Next Generation Learning Analytics

Benefits for Students
Learning analytics drawn from AI chat dialogues help students better understand how they are learning, not just what they are learning.
For example, a student working through calculus problems with an AI tutor can see that most of their questions cluster around integration by parts, signaling a specific conceptual gap rather than a general weakness.
Analytics can also reveal patterns such as repeatedly asking for final answers instead of step-by-step explanations, prompting students to adjust their approach toward deeper learning.
In writing or language courses, students might discover through chat logs that they consistently ask for grammar corrections but rarely for feedback on argument structure, helping them broaden their learning strategies.
By making these patterns visible, analytics encourage metacognition: students can reflect on whether they are using AI as a shortcut or as a learning partner. This turns AI-supported study into an opportunity for self-assessment and growth, helping learners take greater ownership of their progress and make more informed decisions about where to focus their time and effort.
Benefits for Teachers
For teachers, analytics of AI chat interactions replace intuition with concrete evidence about where students struggle and how they seek help.

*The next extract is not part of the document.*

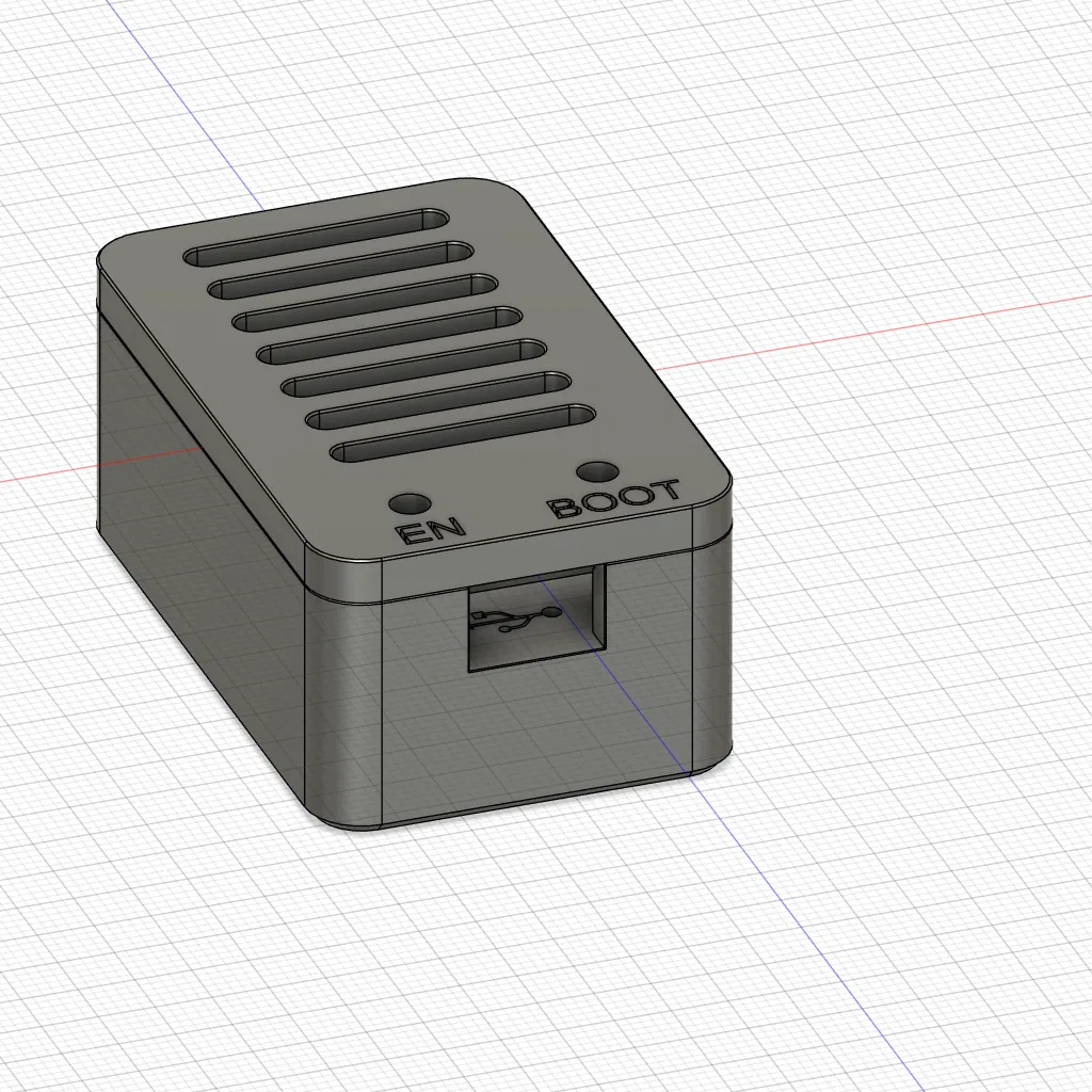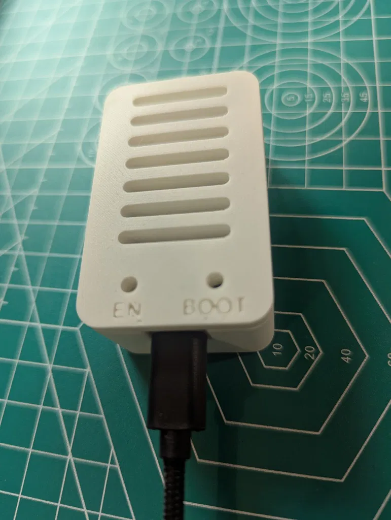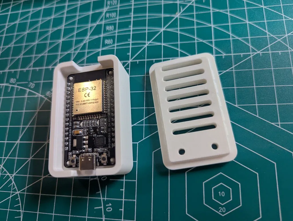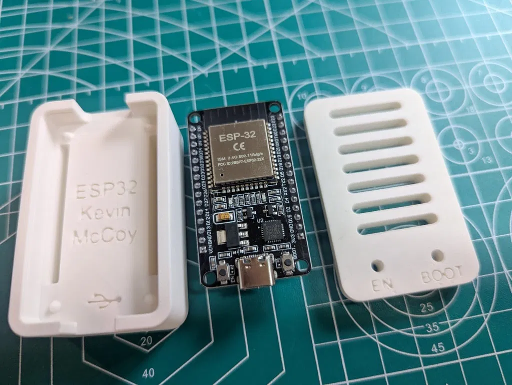 Vỏ hộp thiết kế dạng snap-fit cho ESP32 devkit 30 chân sử dụng cổng USB-C, đặc biệt dành cho phiên bản này từ Amazon US nhưng chắc cũng sẽ vừa với các loại khác. Ở bản in của mình, mình có in dập nổi tên cá nhân ở mặt trong và nhãn mô tả nhiều màu ở mặt ngoài, nhưng mình đã xóa bỏ các chi tiết đó trước khi đăng tải bản này. Model vẫn bao gồm chữ dập nổi ("esp32") và chỉ báo USB ở mặt trong, cùng chữ "EN" và "BOOT" trên bề mặt trên gần các lỗ để thao tác nút bấm. Nếu bạn muốn bản không có chữ thì mình cũng có đăng một phiên bản "No text". Ảnh chụp là bản in từ máy A1 mini của mình bằng nhựa Bambu PLA Matte White, thông số 15% infill và 2 vách (walls).

For instance, an instructor might see that many students in a biology course are asking the AI similar questions about cellular respiration, indicating a widespread misconception that can be addressed in the next lecture.
In a programming class, analytics might reveal that students frequently request debugging help for loops but rarely for functions, suggesting a specific skill gap rather than overall confusion.
Usage patterns can also distinguish between students who engage in extended back-and-forth problem solving and those who copy brief answers, allowing teachers to tailor feedback and design targeted interventions.
These insights support more precise instructional adjustments, such as creating additional practice materials, revising assignments, or modeling better questioning strategies in class.
When teachers bring anonymized examples or aggregated trends into classroom discussion, learning becomes transparent and shared, turning AI from a private aid into a collective object of analysis and improvement.